Last week my Skype account was hacked during my weekend holidays in Budapest. I don't know how this has happened - I only know that I was logged into Skype from iPhone, and I used a lot of free public WiFi, which are abundant in Budapest. The last day of my journey I tried to call out from Skype, and the call was finished too quickly, which should not have happened, since I remembered there was a ~30 bucks deposit on my account. I checked my account, and I've found a lot of calls to Belarus, which I didn't make of course:


There were more (tens) of entries like this.

The next thing I did was logging out from Skype iPhone app, and changing my password. Then I contacted Skype support, and I've got a Web chat with support engineer. I must say, their support reacted immediately to my request, which looked really professional from their side. I chatted about half an hour from my mobile phone's browser, but finally I've got a refund for all the calls I never did.

The incident is over now (actually, it was over the hour after I realized that my account was hijacked), but it raises the question: "How is that possible that my account was hacked? Is there some insecure part in Skype connection from the iPhone app, like sending credentials over non encrypted channel?". Unfortunately, I've got no answer from the support engineer, except for some funny comments/advises (Postfactum, I've read Skype security evaluation, but I haven't find anything that explains this incident either). Below are selected parts from the chat transcript:

Donald M: Michael, we understand that you would like to have your Skype account secured while using the application. 
Donald M: We’d be more than happy to assist you and provide you the best practice to keep you secured.
Donald M: To help you stay secure, we would like to share with you some useful tips and information about online security:
You: Ok, what can I do to keep the account secure?
Donald M: Please visit this link: http://www.skype.com/en/security/

I've read everything on that page, but I didn't find anything useful except for choosing strong enough password (which was strong enough).
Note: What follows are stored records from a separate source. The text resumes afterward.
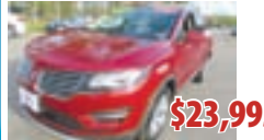
2015 LINCOLN MKC SUV 4 DR. 24,699 MI. #3318
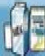
Milk or powdered milk (reconstituted) 250 ml (1 cup)
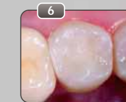
Finished restoration from occlusal 29

Donald M: We strongly advise that every customer installs sufficient security software, such as an antivirus and a firewall on all their devices that use Skype and to keep them enabled and up to date.
You: Antivirus on iPhone?
Donald M: Skype does its best to keep your communication and personal information secure. 
Donald M: Yes!
Donald M: However, please be aware that Skype users should also take precautions against security threats by not sharing their private data and should install adequate security software on all their devices that use Skype.
You: There's no antivirus software on for iPhone mobile phone

Previously, I explained to the support engineer that I use Skype solely from my mobile phone.
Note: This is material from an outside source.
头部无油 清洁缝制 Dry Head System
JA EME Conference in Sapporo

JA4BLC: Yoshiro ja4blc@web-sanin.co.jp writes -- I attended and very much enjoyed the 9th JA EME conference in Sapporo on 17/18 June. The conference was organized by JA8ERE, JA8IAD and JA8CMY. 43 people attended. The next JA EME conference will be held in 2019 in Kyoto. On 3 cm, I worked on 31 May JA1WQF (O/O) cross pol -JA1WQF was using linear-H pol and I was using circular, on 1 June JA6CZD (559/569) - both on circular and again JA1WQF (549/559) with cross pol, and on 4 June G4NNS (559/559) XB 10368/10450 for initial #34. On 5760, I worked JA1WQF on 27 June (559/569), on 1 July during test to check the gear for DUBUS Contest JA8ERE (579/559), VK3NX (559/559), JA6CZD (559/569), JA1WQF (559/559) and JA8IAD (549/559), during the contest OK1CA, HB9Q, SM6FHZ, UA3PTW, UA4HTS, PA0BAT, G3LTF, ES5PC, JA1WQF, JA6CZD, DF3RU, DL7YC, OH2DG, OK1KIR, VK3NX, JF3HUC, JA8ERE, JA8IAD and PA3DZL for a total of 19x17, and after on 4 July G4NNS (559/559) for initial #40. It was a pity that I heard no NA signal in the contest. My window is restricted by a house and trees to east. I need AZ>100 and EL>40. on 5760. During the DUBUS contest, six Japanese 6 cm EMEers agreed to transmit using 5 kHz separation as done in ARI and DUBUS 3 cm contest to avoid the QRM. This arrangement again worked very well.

Donald M: Yes and be careful when using or accessing Wifi connection. 

This last sentence simply killed me. What can I do when using public WiFi? Maybe wrap my iPhone into a condom?


Thursday, January 16, 2014

Python code indentation nightmare

After numerous hesitations, overcoming my intuitive distaste of Python as programming language, I finally decided to learn it. This is not just for getting familiar with the core coolness of Python and getting myself into Python mainstream, but more for not finding myself becoming a Java-mastodon (a-la COBOL-mastodon or FORTRAN-mastodon) in the next 10 years. So, I created a little project, and started to push lines of code into it.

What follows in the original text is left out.